[SOURCE MATERIAL Boundary: Start]
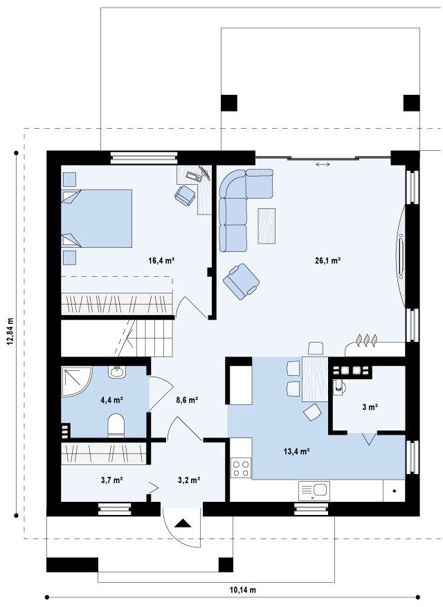 | Возможный материал стен: | газобетон | пеноблок, кирпич, керамические блоки |
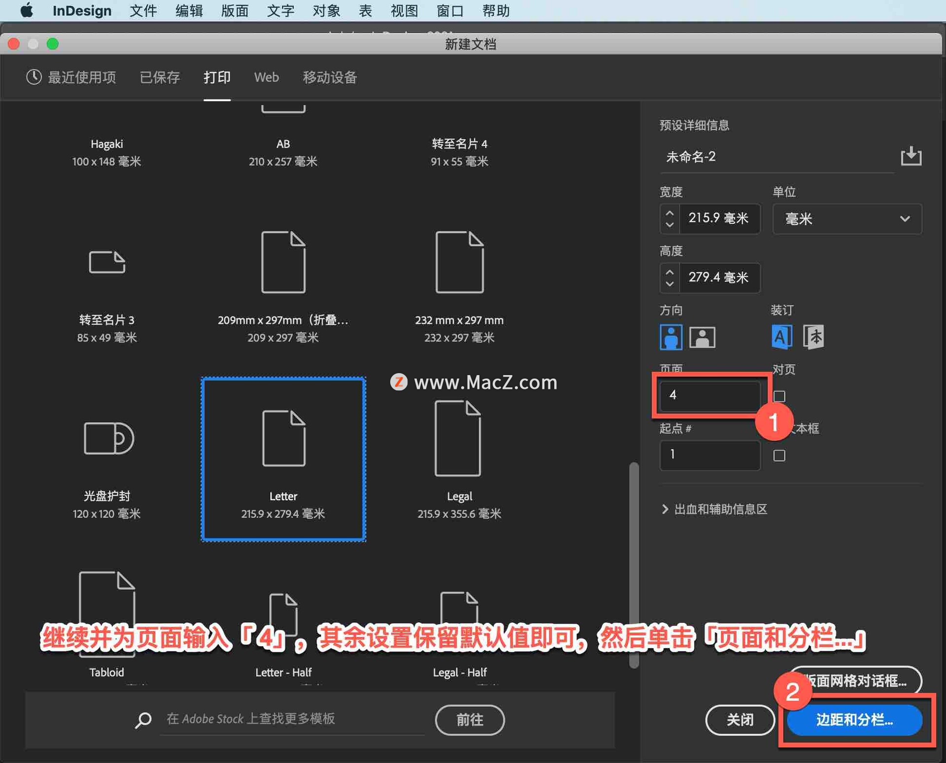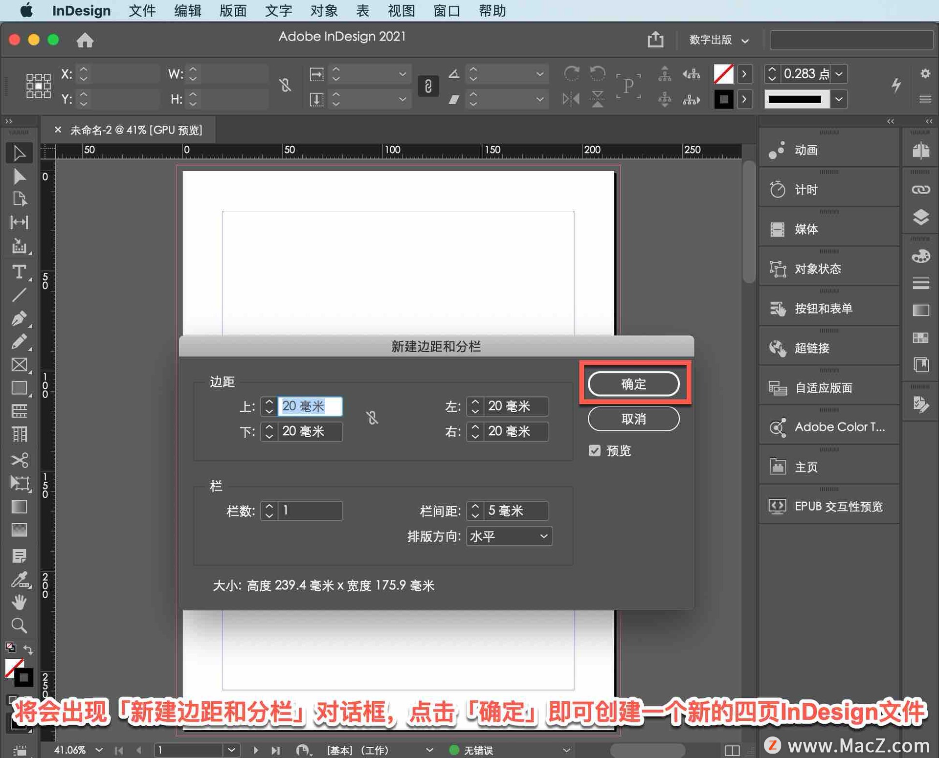 将会出现「新建边距和分栏」对话框,点击「确定」即可创建一个新的四页InDesign文件。
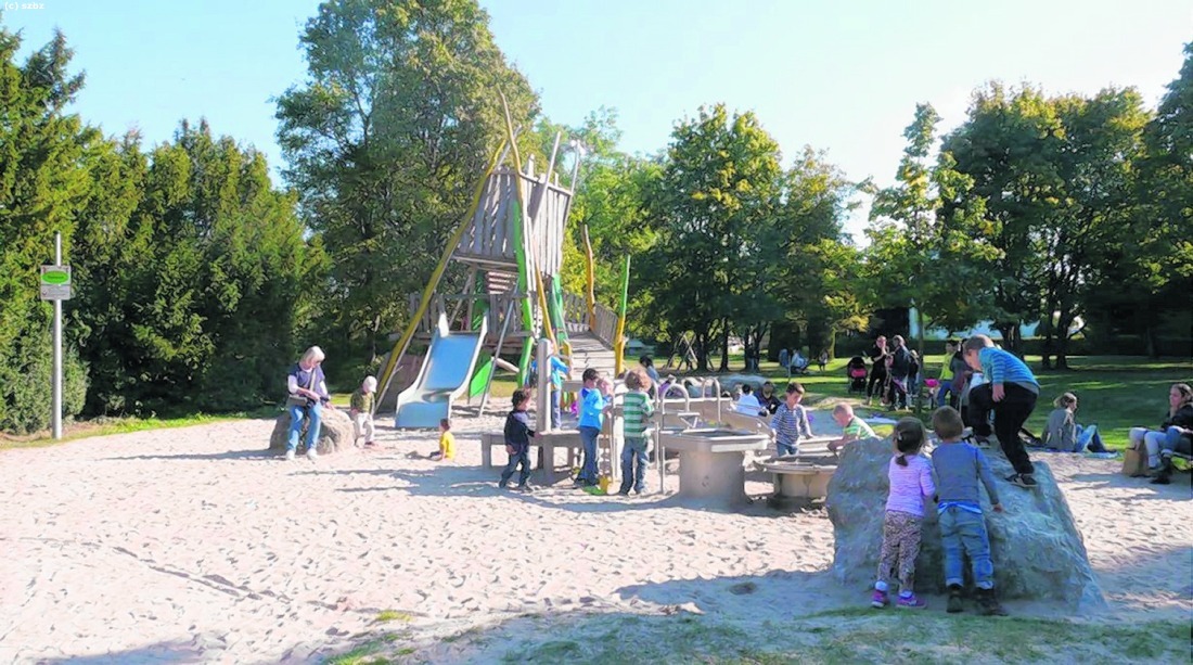 Den Kern des Platzes, der zur Landesgartenschau 1996 gebaut wurde, bilden zwei große Klettergerüste. Er eignet sich für alle Altersgruppen.
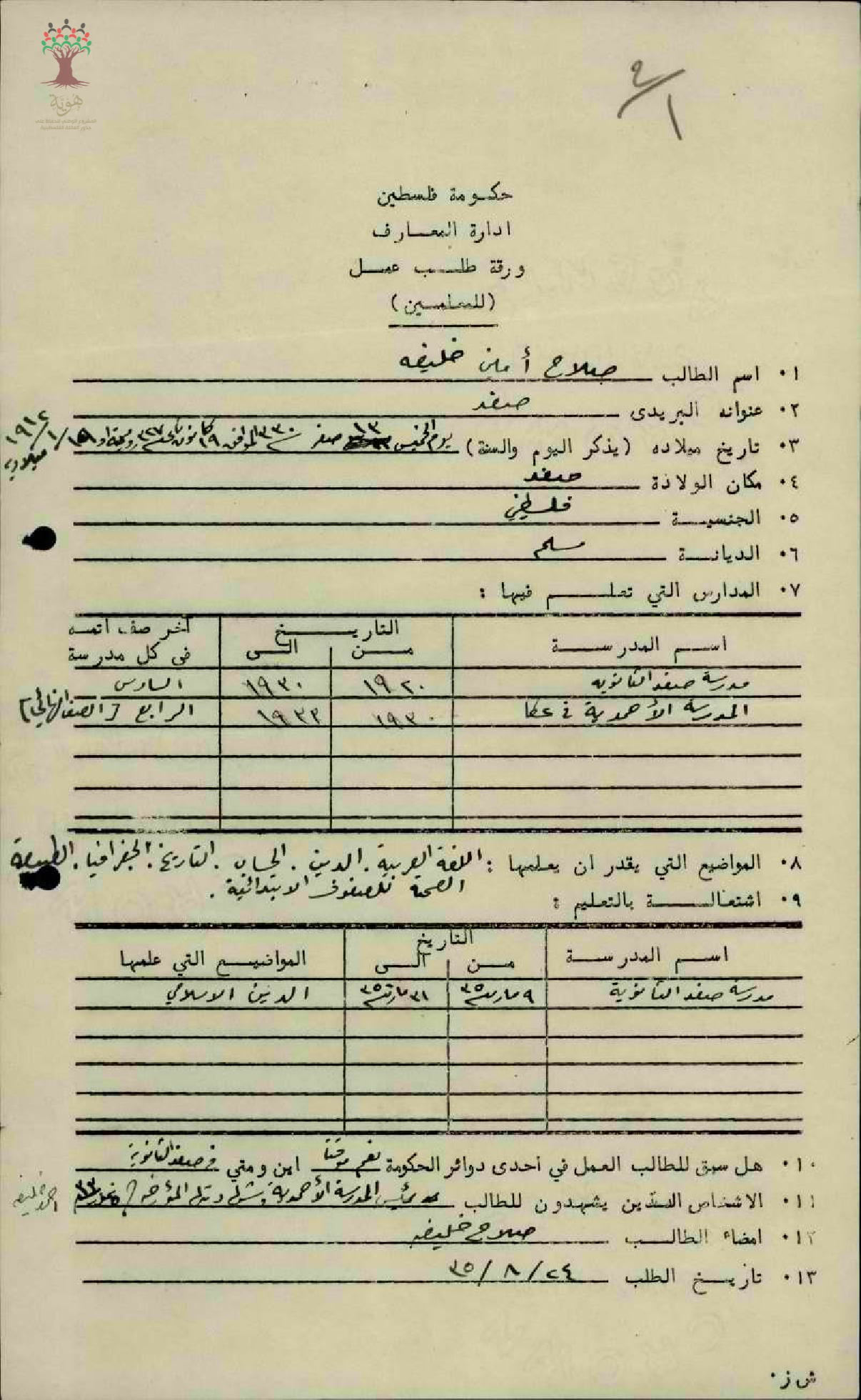 ورقة طلب عمل للمعلم صلاح أمين خليفة/صفد
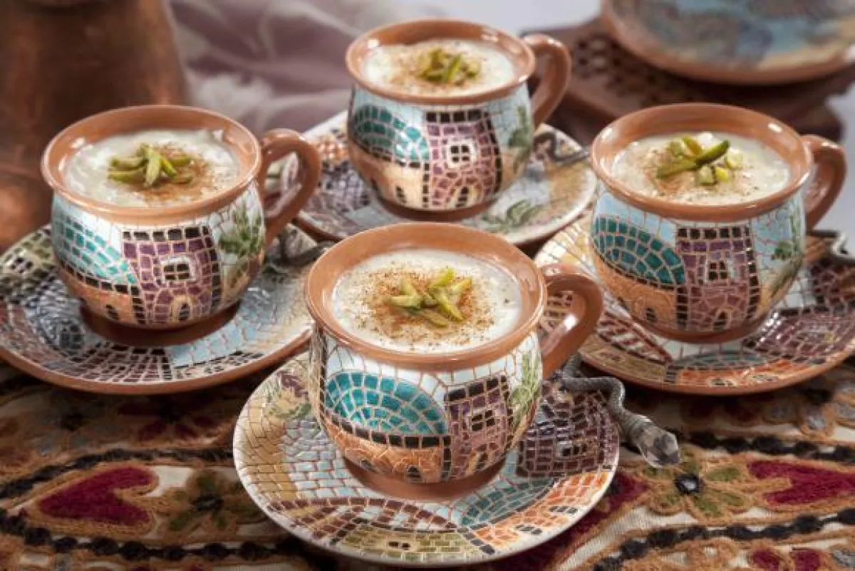 للتقديم: فستق حلبي وقرفة.
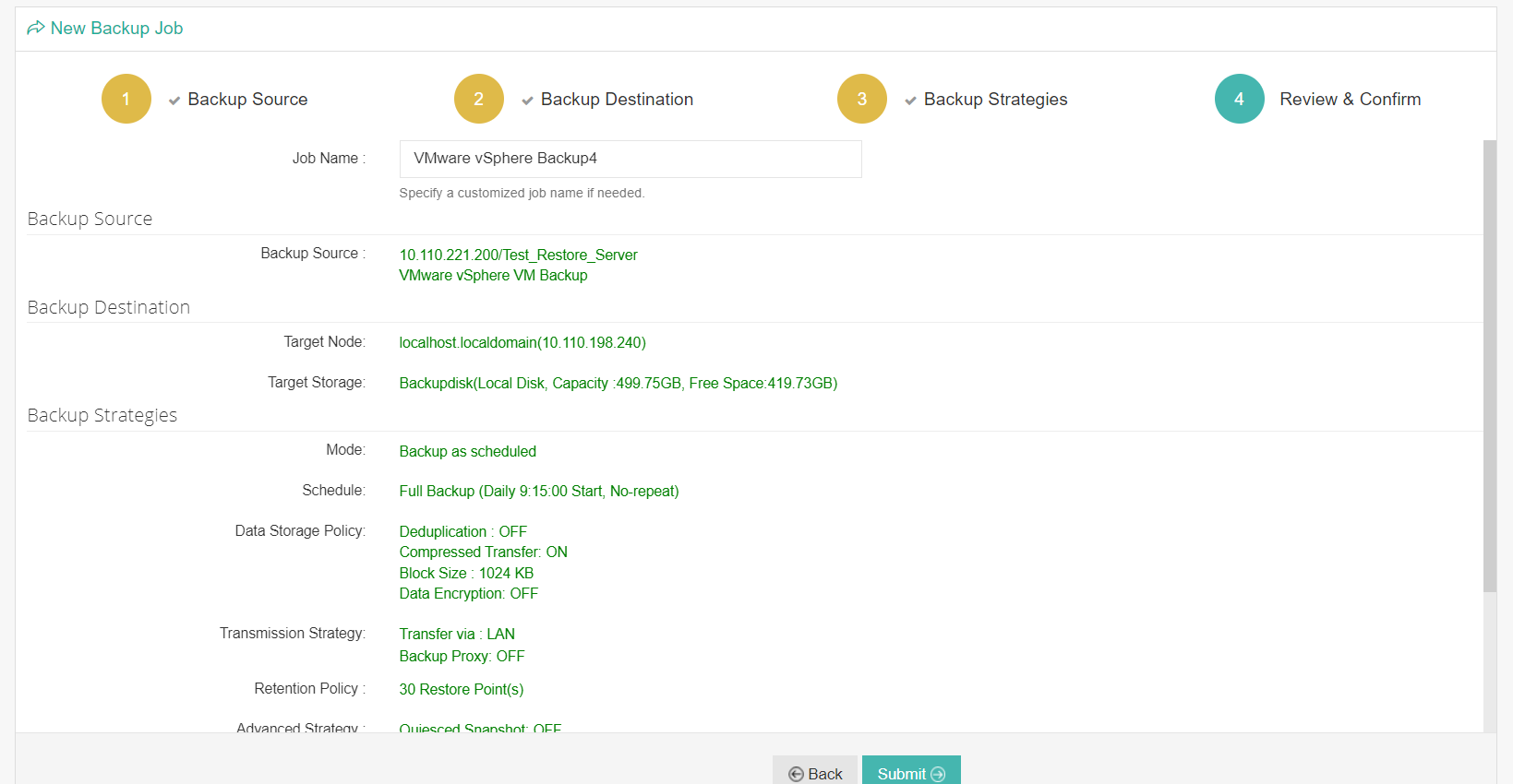 In the Review & Confirm page, review the selection and click Submit. Once submitted, the backup job will be scheduled.
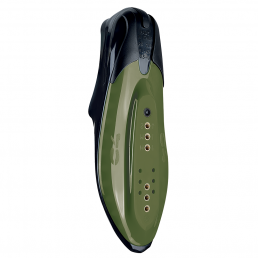 Per le 200 abbiamo concepito la pinna con la posizione della pala allineata sotto il metatarso e non oltre le dita dei piedi. Automaticamente il sub resterà dritto, allineato alla direzione di movimento e la sua falcata avanti ed indietro diverrà perfettamente equilibrata. Semplicemente abbiamo impedito nasca una resistenza dovuta alla postura.
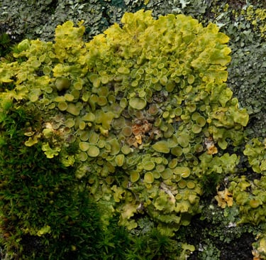 Lichens, who are they? It's a fungi, an ecosystem, where fungi have adapted to a unique way of obtaining nutrients and lives with other partners like algae or/and cyanobacteria, yeast, bacteria, amoebas, and viruses.
[SOURCE MATERIAL Boundary: End]
**ABOUT THIS TASK**
Produce the lines from the first line of the entries through the line that contains "للتقديم: فستق حلبي وقرفة.", exactly, leaving the pictures behind.

**RESPONSE AREA**
 | Возможный материал стен: | газобетон | пеноблок, кирпич, керамические блоки |
 将会出现「新建边距和分栏」对话框,点击「确定」即可创建一个新的四页InDesign文件。
 Den Kern des Platzes, der zur Landesgartenschau 1996 gebaut wurde, bilden zwei große Klettergerüste. Er eignet sich für alle Altersgruppen.
 ورقة طلب عمل للمعلم صلاح أمين خليفة/صفد
 للتقديم: فستق حلبي وقرفة.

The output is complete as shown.